When parents feel “weird/crazy/bad” for not putting their children in to school, or for taking them out.

Yesterday I received an email from a mother who’s son is deeply unhappy at school, but who is being criticised and told she is a “bad mother” for not forcing her child to attend. A week or so ago I was chatting to a mum I hadn’t met before, in a playground, and home ed came up because there were home ed kids there. The mum said that she was stressed about how to support her 6 year old son because he was getting in trouble at school. The main reasons she gave was because he didn’t want to sit still all day, and had a good idea himself of what he wanted/needed to be doing. That was getting him into trouble because it’s not ok in school to choose how you use your time. Lets say the school wasn’t particularly interested in her son’s need to move or direct his own learning, and was more comfortable labelling him as disobedient/naughty, and insisting that she toe some kind of line to get him under control.

Now, I’m going to take the space of this blogpost to address something that I think is really inexcusable. It is when parents (or children) are left feeling like they are “weird/crazy/bad” by the people around them for questioning schooling.

I’d like to highlight that this is a feminist issue, because it is most often mothers who are experiencing this – they tend to be the ones closest to the coal face of children’s experience. They also have a long history of being diminished and labelled as ‘crazy’ when challenging authority and/or deviating from the norm/what is expected of them, and we need to collectively stop doing that because it is abusive, silencing and limiting to progress.

This is also a children’s rights issue, because children’s access to their rights at all times and in all places (including school) should be a primary concern to us all. The very nature of schooling as it currently exists is a direct obstacle to this, as are the attitudes and behaviour of some adults and even children who have internalised the marginalisation of children as normal, natural or necessary. Who have also learned that conformity and obeying the system of schooling is more important than questioning whether it is a healthy space or best serving children’s needs, individuality and growth.

So, back to the main point, of parents feeling “weird/crazy/bad” for challenging schooling.

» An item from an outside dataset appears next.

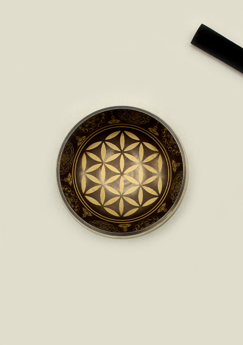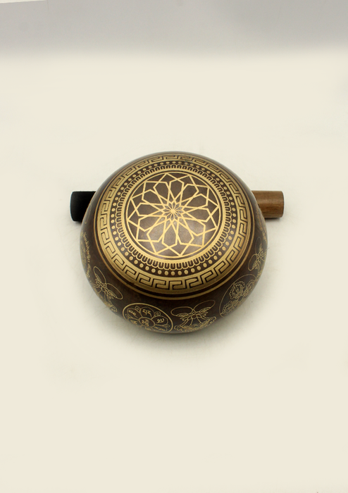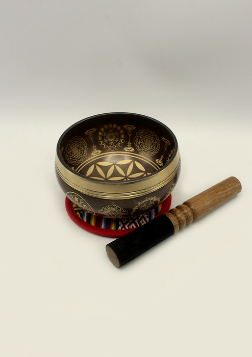 This beautifully crafted singing bowl features an engraving of the Flower of Life, surrounded by Metatrons cube moon phases and Shri Yantra, all finely printed. The exterior is adorned with additional intricate patterns, Om Mani mantra, and symbols such as Double Dorjee, Dharmawheel, all meticulously etched. The bowl comes with a wooden striker and a colorful cushion, making it both a beautiful and functional piece for meditation and spiritual practices.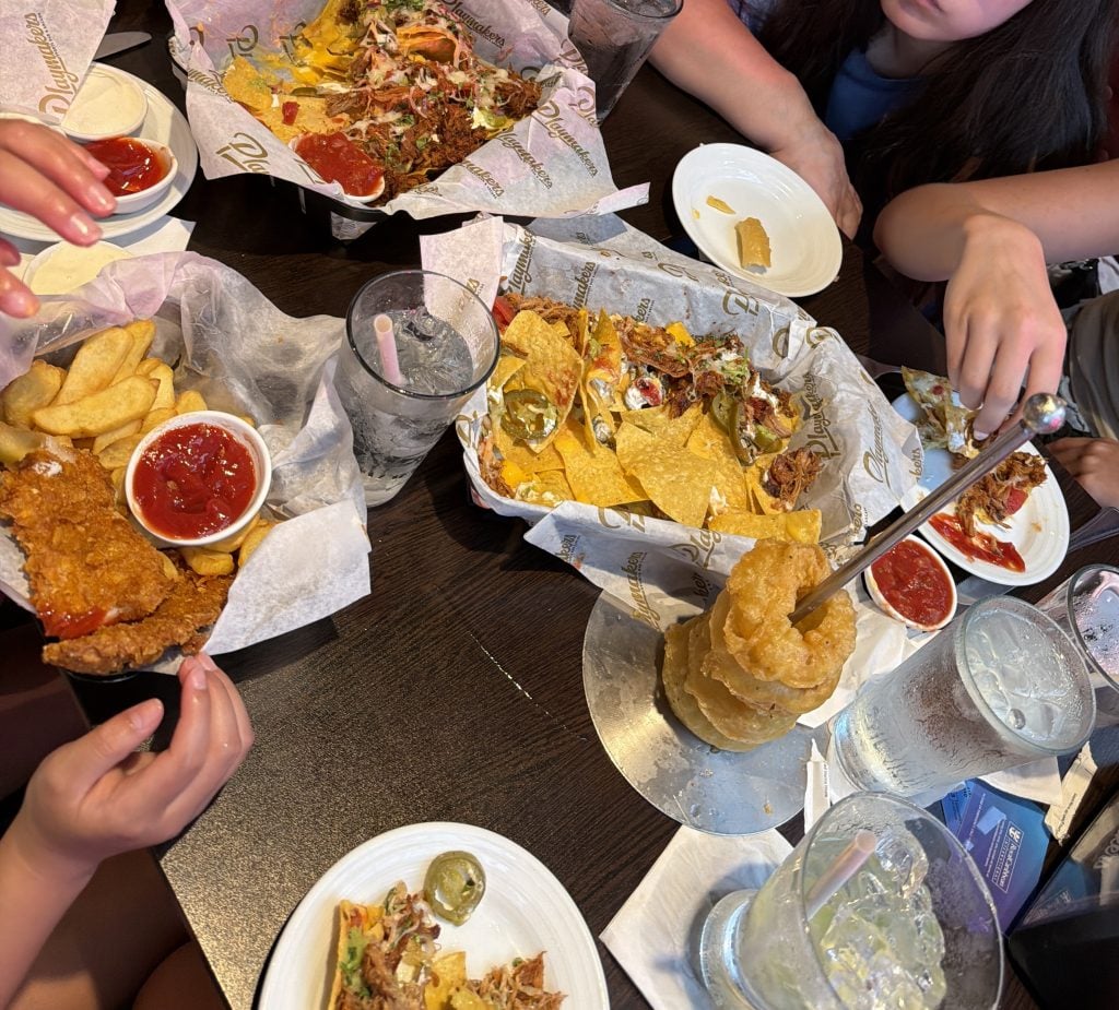 Before we knew it, we were back on board and HUNGRY! The six Shulls headed straight to the sports bar on board…

A survey of young people published earlier this year by Barnados, identified SCHOOL as being their most cited cause of stress: “By the age of 16, stress at school was a worry for 83% of children.”

There seems to be a cumulative negative effect of schooling on children, peaking at the end but starting in the primary school years. I would suggest that in actually starts in the preschool years (and continues to impact and influence throughout adulthood), and that children themselves underestimate it’s full impact because they have adapted to and accepted various aspects of schooling that is damaging to their sense of self and personal agency.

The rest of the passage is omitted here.